■ What is needed
Beginning with the line where "Double Layer to" appears, restate each line word for word until the data ends. Pictures do not go in.

[Data records]
= = = = =

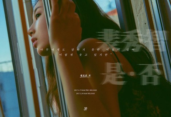 수지는 17일 '행복한 척'을 선공개하는 데 이어 24일 첫 솔로 데뷔 미니 앨범 'Yes? No?'를 발표한다. 타이틀곡은 'Yes No Maybe'로 박진영이 KAIROS와 작곡하고 직접 작사한 곡이다. 이 외에도 윤상이 소속된 1Piece, G.Soul, 어반자카파 멤버 조현아, 에피톤프로젝트 등 음악적인 역량이 매우 뛰어난 뮤지션 아티스트들이 작사, 작곡들에 참여해 수지 새 앨범에 대한 높은 기대감을 엿보게 하고 있다.
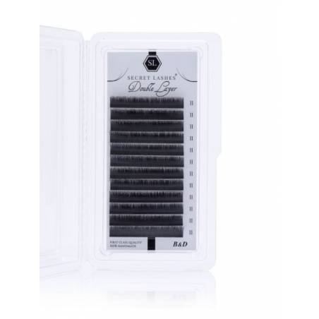 Double Layer to rzęsy o dwóch skrętach, które umieszczone są na jednym pasku. Daje to efekt wielowymiarowości i puszystości aplikacji. Mają kolor lekko połyskującej, intensywnej czerni. Grubość paska z klejem: 3mm.
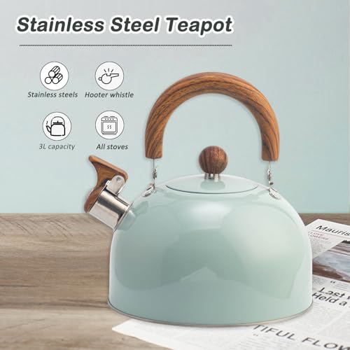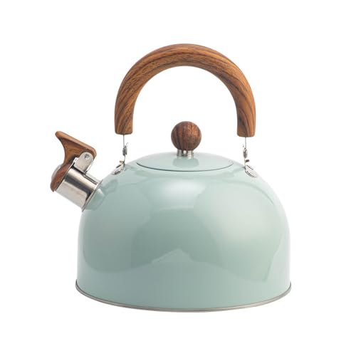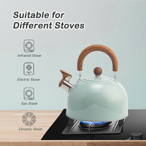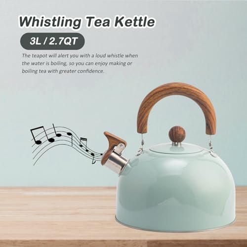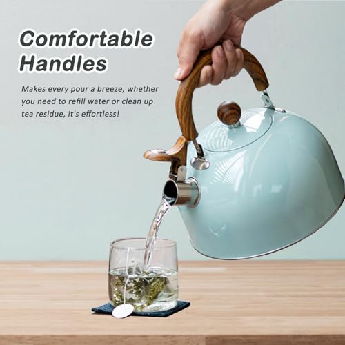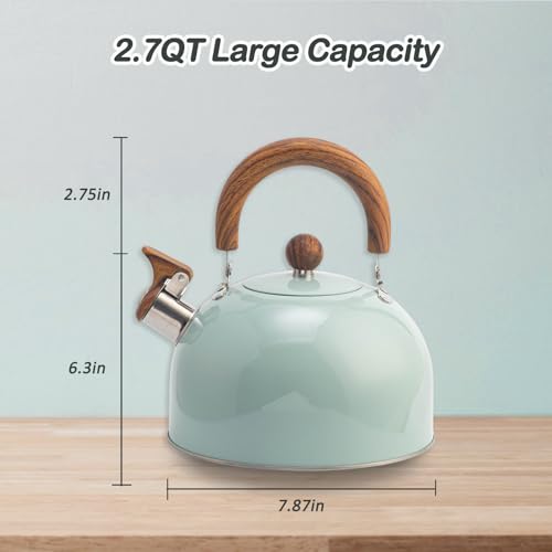 VOTTERCO - غلاية شاي من فوتركو بسعة 2.7 كوارت، ابريق شاي كلاسيكي بصفير لسطح الموقد مع قاعدة عالمية، ابريق شاي من الستانلس ستيل الامن غذائيا بمقبض مريح، مناسب لجميع مصادر الحرارة (ازرق)
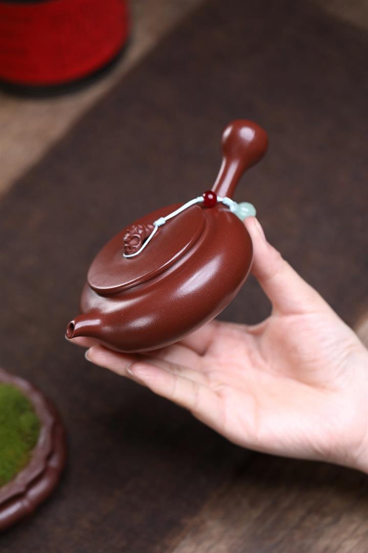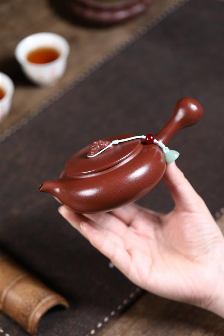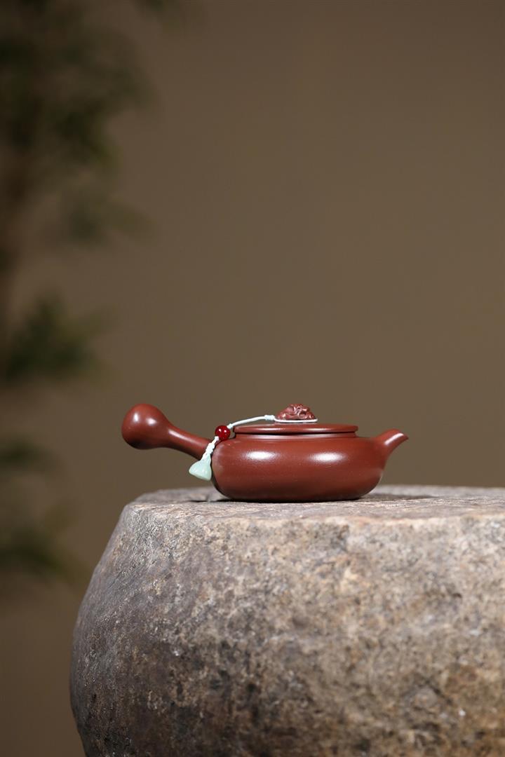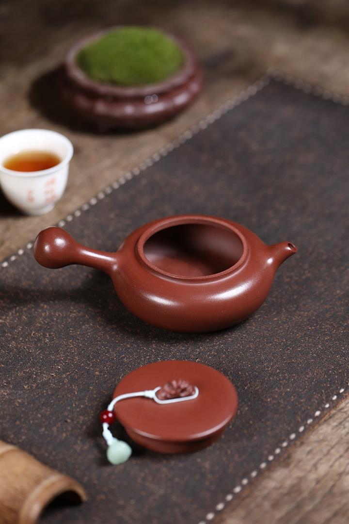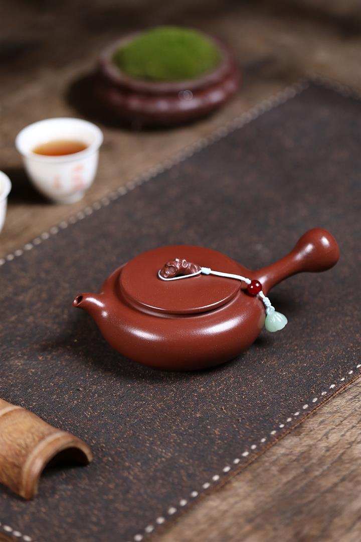 原礦龍血砂手工側把扁腹茶壺POT6750
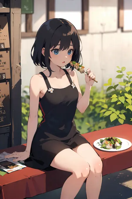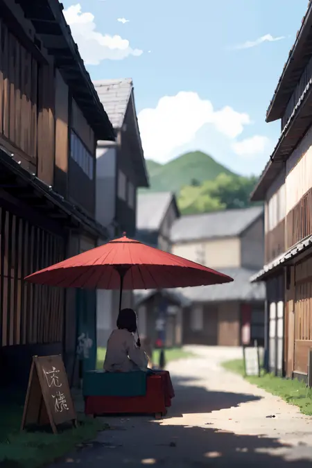 在102张图像上训练而成。该模型主要用于生成主要销售和果子(日式甜点)的日本店铺场景。红色布料覆盖的长椅可通过“坐着”来触发。这个LoRA与我的Hitozato(村庄)LoRA配合效果极佳。如果你不想要奇怪的食物,只需不在提示词中加入即可。
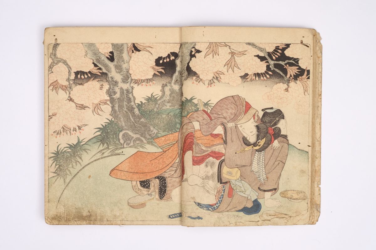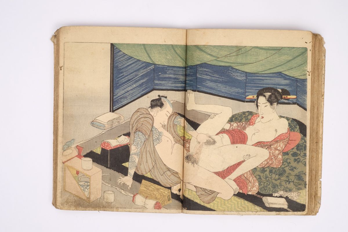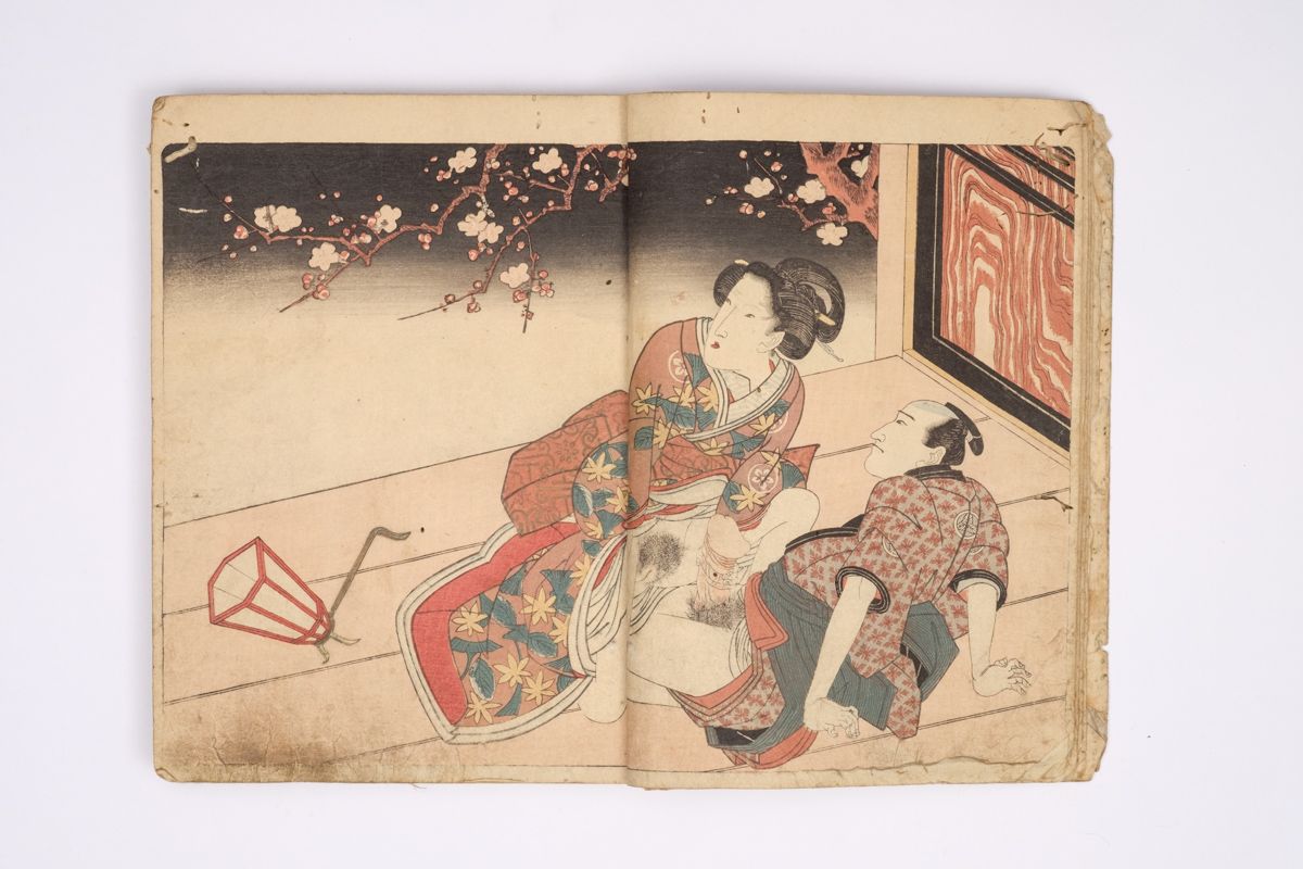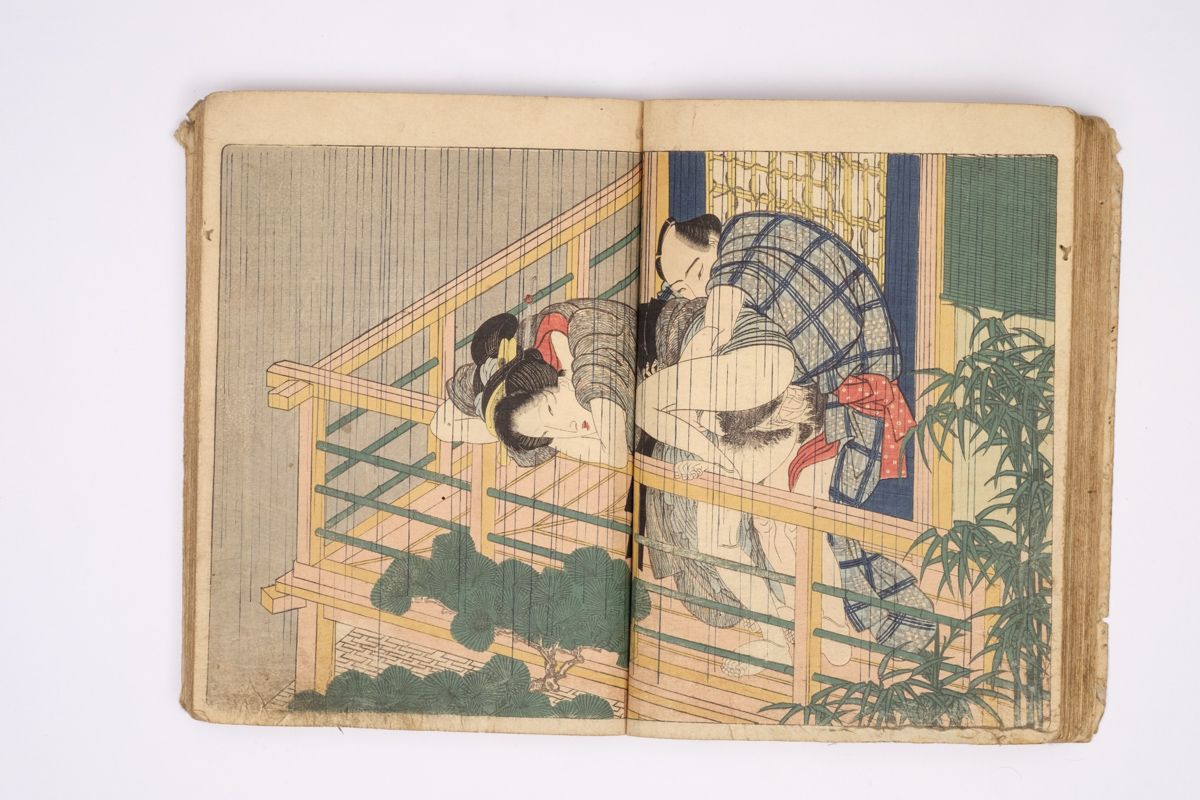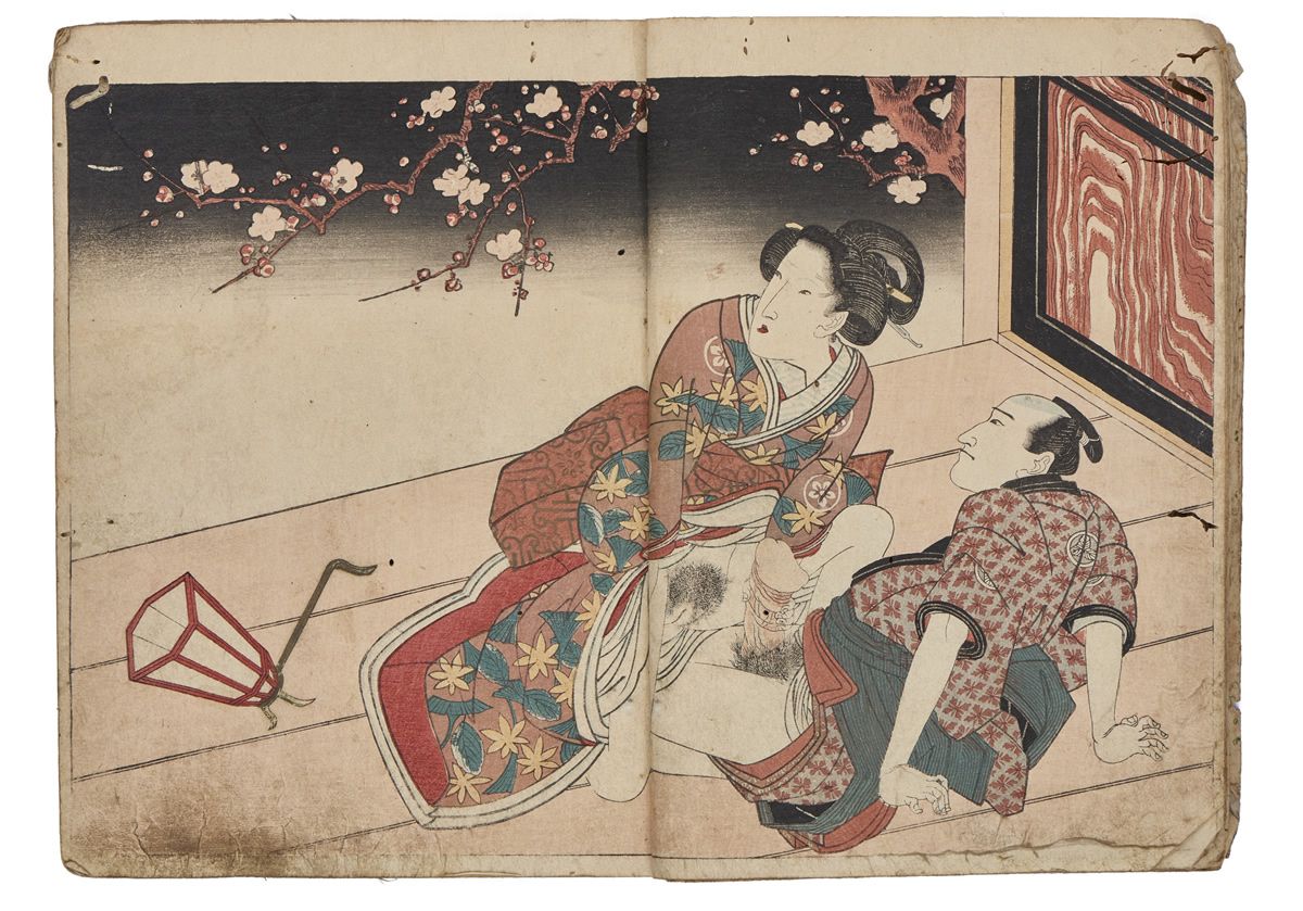 Two volumes, rebound as one volume, with one title page extracted of the erotic shunga-book: (Shunka shuto) Shiki no nagame (In Praise of Love - in the Four Seasons) vol. natsu no bu. The book illustrated by Utagawa Kunisada (1786 - 1865) has 8 and 7 double sheets coloured shunga illustrations and contains the story: - Koi no shianno soto naranu musume no shigoto - by Sukitei and Hatsuhana Sakime.

= = = = =

■ The completed task
 Double Layer to rzęsy o dwóch skrętach, które umieszczone są na jednym pasku. Daje to efekt wielowymiarowości i puszystości aplikacji. Mają kolor lekko połyskującej, intensywnej czerni. Grubość paska z klejem: 3mm.
 VOTTERCO - غلاية شاي من فوتركو بسعة 2.7 كوارت، ابريق شاي كلاسيكي بصفير لسطح الموقد مع قاعدة عالمية، ابريق شاي من الستانلس ستيل الامن غذائيا بمقبض مريح، مناسب لجميع مصادر الحرارة (ازرق)
 原礦龍血砂手工側把扁腹茶壺POT6750
 在102张图像上训练而成。该模型主要用于生成主要销售和果子(日式甜点)的日本店铺场景。红色布料覆盖的长椅可通过“坐着”来触发。这个LoRA与我的Hitozato(村庄)LoRA配合效果极佳。如果你不想要奇怪的食物,只需不在提示词中加入即可。
 Two volumes, rebound as one volume, with one title page extracted of the erotic shunga-book: (Shunka shuto) Shiki no nagame (In Praise of Love - in the Four Seasons) vol. natsu no bu. The book illustrated by Utagawa Kunisada (1786 - 1865) has 8 and 7 double sheets coloured shunga illustrations and contains the story: - Koi no shianno soto naranu musume no shigoto - by Sukitei and Hatsuhana Sakime.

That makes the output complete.